Organized labor from the time of Samuel Gompers wanted independence to
go its own way. Racial, religious and
ethnic minorities mainly wanted help in themselves becoming part of the
successful middle class. And the Solid
South was in the coalition largely out of historical accident and an antipathy
toward the commercial North. The result
is that only the intellectual culture was clearly socialist within modern
American liberalism.
I told in Chapter 13 how the
ideology went into a period of drift after World War II. In fact, the coalition didn't entirely hold
together. It wasn't long, though, before
racial and ethnic equality became the rallying cry, soon to have women's
equality added to it. This sort of
egalitarianism has held the high moral ground and has, until objections have
grown louder in recent years, been readily granted precedence over all other
values.
The idea of guaranteeing every
American an income by having each person own a share of the economy will
probably be an easy one for present-day American liberals (and the
"moderates" who follow them) to accept. The idea of a "guaranteed annual
wage" has been around for a good many years within liberal circles. The question, however, will be whether these
Americans will care, as I will, about the potential for statist abuse that this
amount of "government intervention" can involve. I will want to separate the mechanism for
economic-sharing from the other functions of the State. Most twentieth century liberals have
considered such worries a chasing, in effect, after goblins. They haven't seen the State as a dangerous
instrument the way classical liberals always have, and rarely even think of how
to chain it down, except out of their concern to protect dissent and shield
minorities from the less humane proclivities of a suspect majority. (The New Left, with its attack on the
"military-industrial complex" instilled some fear and has had much
influence on liberal thought, but raised the point as part of a far-reaching
attack on modern liberalism itself.)
Each of the philosophies has significant points
of difference with the others while sharing other points.

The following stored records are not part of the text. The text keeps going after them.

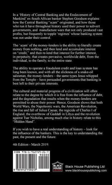 In a ‘History of Central Banking and the Enslavement of Mankind’ ex-South African banker Stephen Goodson explains how the Central Banking "scam" originated, and how those who run it have throughout history used their power to subvert governments, and manufacture wars that not only produced vast profits, but frequently to topple ‘regimes’ whose banking system was not under their control. The ‘scam’ of the money-lenders is the ability to literally create money from nothing, and then lend and accumulate interest on "credit," and then re-lend that interest for further interest, in perpetuity, that creates pervasive, worldwide debt, from the individual, to the family, to the entire state. The ability to operate a fraudulent credit and loan system has long been known, and with all the slickness of a snake-oil salesman, the money-lenders – the same types Jesus whipped from the Temple – have persuaded governments that banking is best left to their private interests. The cultural and material progress of a civilization will often relate to the degree by which it is free from the influence of debt, and the degradation that results when the money-lenders are permitted to abuse their power. Hence, Goodson shows that both World Wars, the Napoleonic wars, the American Revolution, the rise and fall of Julius Caesar, the regicide of Charles I of England, the overthrow of Gaddafi in Libya and the revolution against Tsar Nicholas, among much else in history relate to this "Hidden Hand". If you wish to have a real understanding of history – look for the influence of the bankers. This is the key to understanding the past, the present and the future. 4th Edition - March 2019.
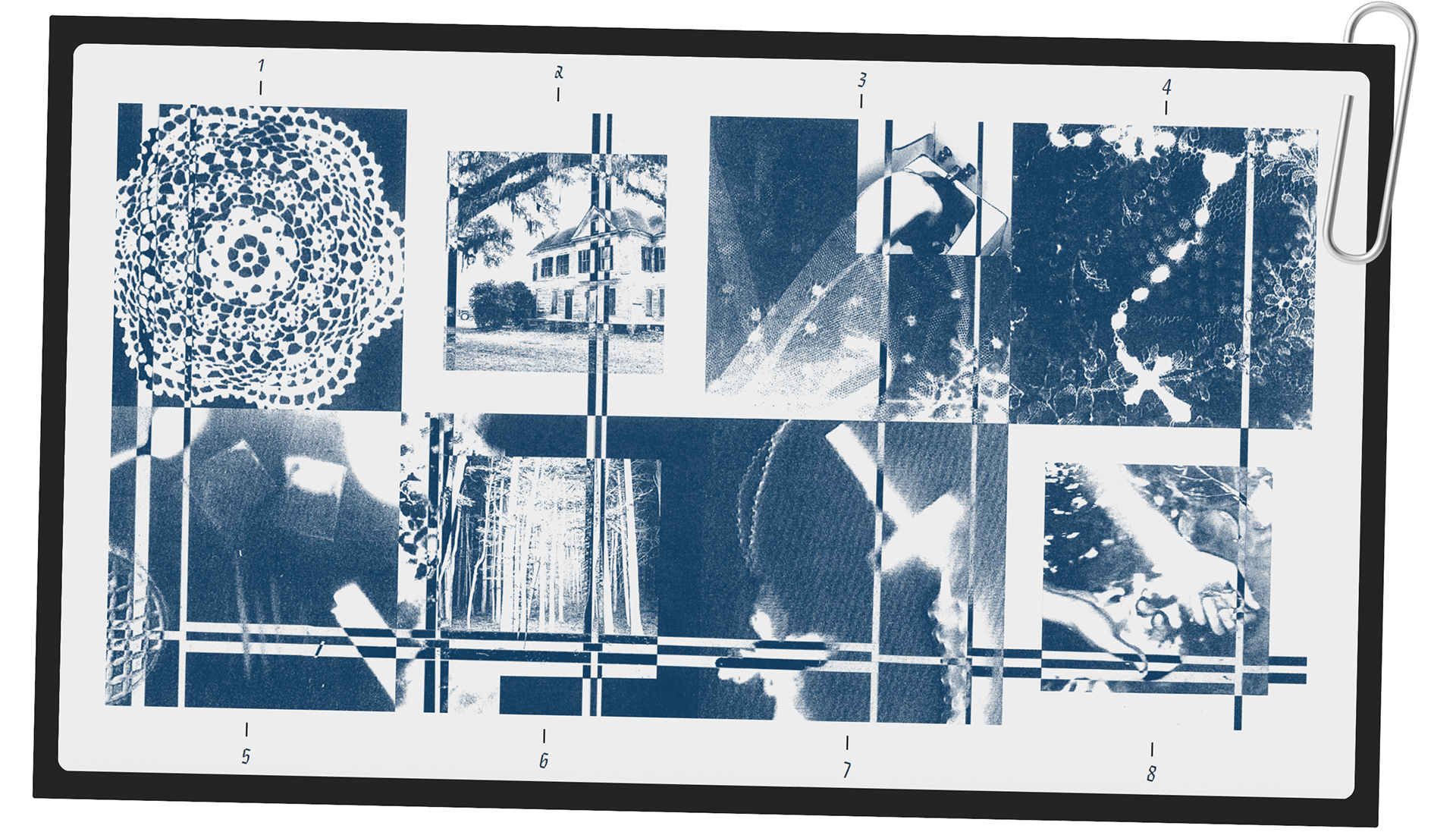 7. Using multiple exposures and unbalanced cross imagery, this tile depicts Ethel’s inner conflict with faith. The layered symbolism and yin-yang-like layout suggest a duality - her wavering belief in God and the tension between salvation and damnation.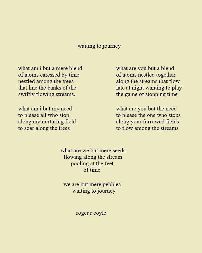 Some call me son, brother, godfather, cousin, uncle, writer, author, veteran, and friend. That may be true, but mostly I am me - a unique human being who has run the race of life through many different forests, down many roaring rivers and along some tangled paths. All in all it has been a good journey of growth and expansion of self. I am a lover of family, animals, food, laughs, poetry, books, compassionate people and chasing the light. My first journey into writing is Quiet Thoughts: Written Reflections. It is a book of poems and reflections - a small flicker of light into my life journey. I currently reside in Emmaus, PA and enjoy all that the Lehigh Valley has to offer. View all posts by rogerrcoyle
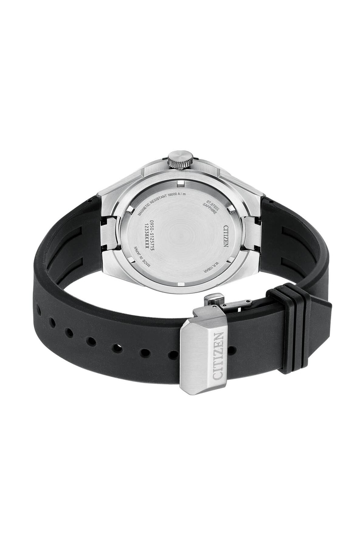 Bold and Simple. This timepiece offers functionality and practicality and features an eye-catching two-piece stainless-steel bezel finished with Duratect DLC, diamond-like ceramic case, black polyurethane resin strap, lightweight and durable black carbon dial. Additional features include exhibition case back, magnetic resistance, sapphire glass with anti-reflective coating, 50-hour power reserve and water resistance of 100 meters.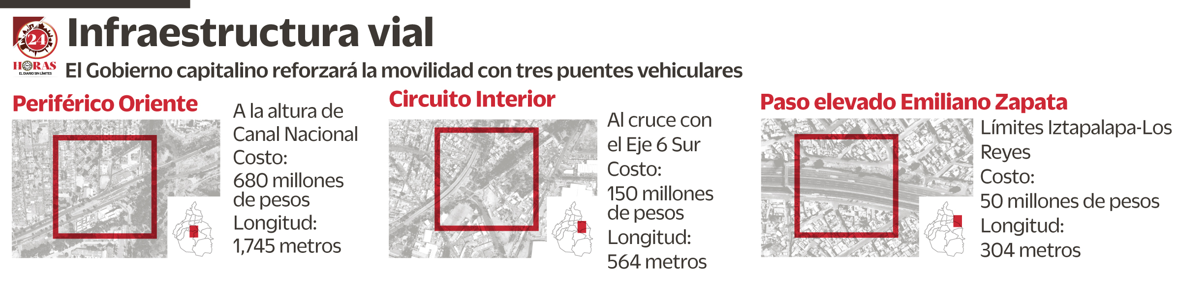 Esteva Medina detalló que en el caso del puente Emiliano Zapata, la empresa contratada es CICSA (Consorcio de Ingenieros Civiles), mientras que en el caso de Eje 6 y de Canal Nacional se falló en favor de IDINSA.

They aren't totally contrasting views. There will be elements of each as we go into
the future. To that extent, the earlier
philosophies will be most helpful. Where
they will not be is where their devotees cling to their ideas without realizing
how differently they must be applied to the newly emerging realities.
My concern about a possible failure
to adapt is primarily about my own philosophy, which is today central to the
philosophy of a global market. That is
why we will devote the next three chapters to classical liberalism.
ENDNOTES
[1]. Lassalle's speech can be found in The
German Classics (Albany: J. B. Lyon Company, 1914), Vol. X.